● Data extract:
* * * * * * *
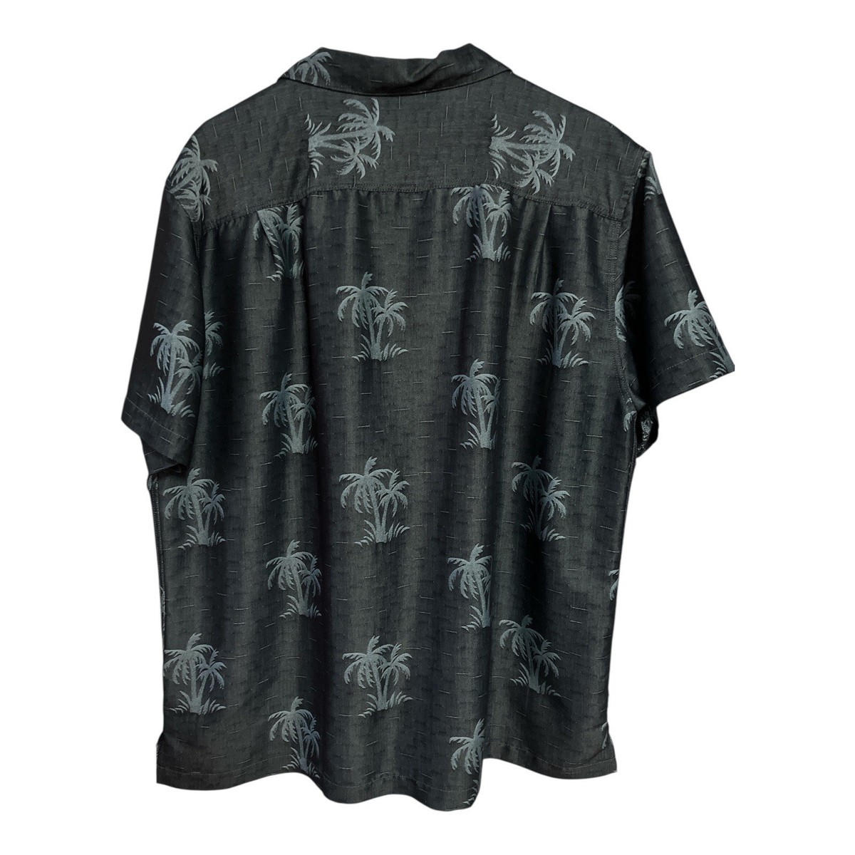 Men?s short-sleeve button-up shirt by Banana Split USA featuring an allover palm tree print in muted blue-gray tones on a charcoal background. The fabric has a **subtle sheen**, giving it a slightly dressier, polished look while still feeling lightweight and relaxed. Great for casual wear, resort styling, or Y2K-inspired outfits.
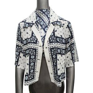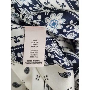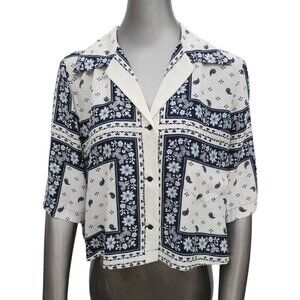 Cinq a Sept New NWT Dani Blue Floral Cropped Button Silk Shirt Top Scarf Large
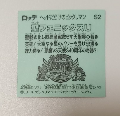 【 商品紹介 】 【まとめ発送OK】S2 聖フェニックスU ヘッドだらけのビックリマンチョコ 40th anniversary 1枚の出品になります。
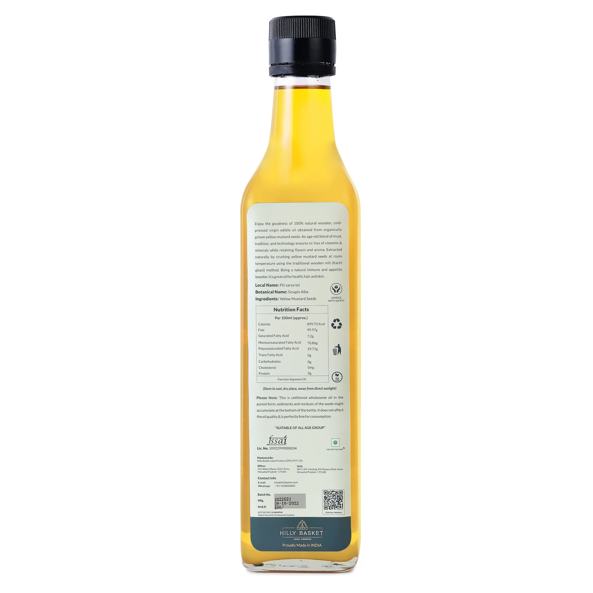 Enjoy the goodness of 100% natural wooden, cold-pressed virgin edible oil obtained from organically grown yellow mustard seeds. An age-old blend of trust, tradition, and technology ensures no loss of vitamins & minerals while retaining flavors and aroma. Extracted naturally by crushing yellow mustard seeds at room temperature using the traditional wooden mill (Kachi ghani) method. Being a natural immune and appetite booster, it is great oil for health, hair, and skin.
* * * * * * *
● Work required:
Output the listing above exactly as it stands; no picture should appear.

● Solution to this exercise:
 Men?s short-sleeve button-up shirt by Banana Split USA featuring an allover palm tree print in muted blue-gray tones on a charcoal background. The fabric has a **subtle sheen**, giving it a slightly dressier, polished look while still feeling lightweight and relaxed. Great for casual wear, resort styling, or Y2K-inspired outfits.
 Cinq a Sept New NWT Dani Blue Floral Cropped Button Silk Shirt Top Scarf Large
 【 商品紹介 】 【まとめ発送OK】S2 聖フェニックスU ヘッドだらけのビックリマンチョコ 40th anniversary 1枚の出品になります。
 Enjoy the goodness of 100% natural wooden, cold-pressed virgin edible oil obtained from organically grown yellow mustard seeds. An age-old blend of trust, tradition, and technology ensures no loss of vitamins & minerals while retaining flavors and aroma. Extracted naturally by crushing yellow mustard seeds at room temperature using the traditional wooden mill (Kachi ghani) method. Being a natural immune and appetite booster, it is great oil for health, hair, and skin.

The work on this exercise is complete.